Quarterly Conference Call

Procore Technologies, Inc. will hold a conference call to discuss its first quarter results at 2:00 p.m., Pacific Time, on Wednesday, May 1, 2024. A live audio webcast will be accessible on Procore's investor relations website at http://investors.procore.com.

Forward-Looking Statements

This press release contains forward-looking statements within the meaning of Section 27A of the Securities Act of 1933, as amended, and Section 21E of the Securities Exchange Act of 1934, as amended, about Procore and its industry that involve substantial risks and uncertainties. All statements in this press release, other than statements of historical fact, are forward-looking statements within the meaning of the Private Securities Litigation Reform Act of 1995. Forward-looking statements generally relate to future events or future financial or operating performance, and may be identified by the use of words such as “anticipate,” “believe,” “contemplate,” “continue,” “could,” “estimate,” “expect,” “intend,” “may,” “plan,” “potential,” “predict,” “project,” “should,” “target,” “will,” or “would,” or the negative of these words, or other similar terms or expressions that concern Procore’s expectations, strategy, plans, or intentions.

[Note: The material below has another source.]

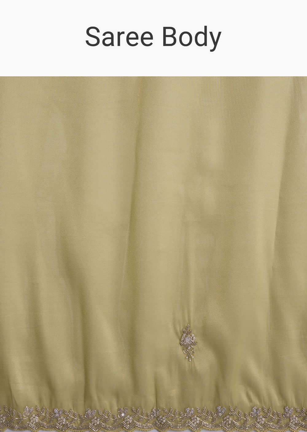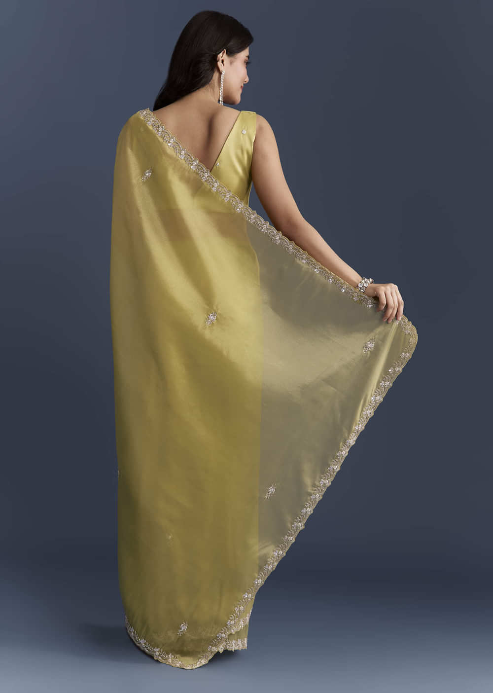 Sunny and celebratory, this yellow tissue saree is scattered with butti and finished with a cutwork border embroidered in cutdana, sequins and beads. The tissue sheen keeps it bright without... More Product Details

Procore has based the forward-looking statements contained in this press release primarily on its current expectations and projections about future events and trends that Procore believes may affect its business, financial condition, and operating results. The outcome of the events described in these forward-looking statements is subject to risks, uncertainties, and other factors that could cause results to differ materially from Procore’s current expectations, including, but not limited to, our expectations regarding our financial performance (including revenues, expenses, and margins, and our ability to achieve or maintain future profitability), our ability to effectively manage our growth, anticipated performance, trends, growth rates, and challenges in our business and in the market in which we operate or anticipate entering into, economic and industry trends (in particular, the rate of adoption of construction management software and digitization of the construction industry, inflation, and challenging geopolitical conditions), our ability to attract new customers and retain and increase sales to existing customers, our ability to expand internationally, the effects of increased competition in our markets and our ability to compete effectively, our estimated total addressable market, and as set forth in Procore’s filings with the Securities and Exchange Commission. You should not place undue reliance on Procore’s forward-looking statements. Procore assumes no obligation to update any forward-looking statements to reflect events or circumstances that exist or change after the date on which they were made, except as required by law.

Non-GAAP Financial Measures

Procore believes that the use of certain non-GAAP financial measures as described below, when taken collectively, is helpful to investors because it provides consistency and comparability with past financial performance, and may assist in comparisons with other companies, some of which use similar non-GAAP financial information to supplement their GAAP results. These non-GAAP financial measures are not prepared in accordance with U.S. generally accepted accounting principles, or GAAP.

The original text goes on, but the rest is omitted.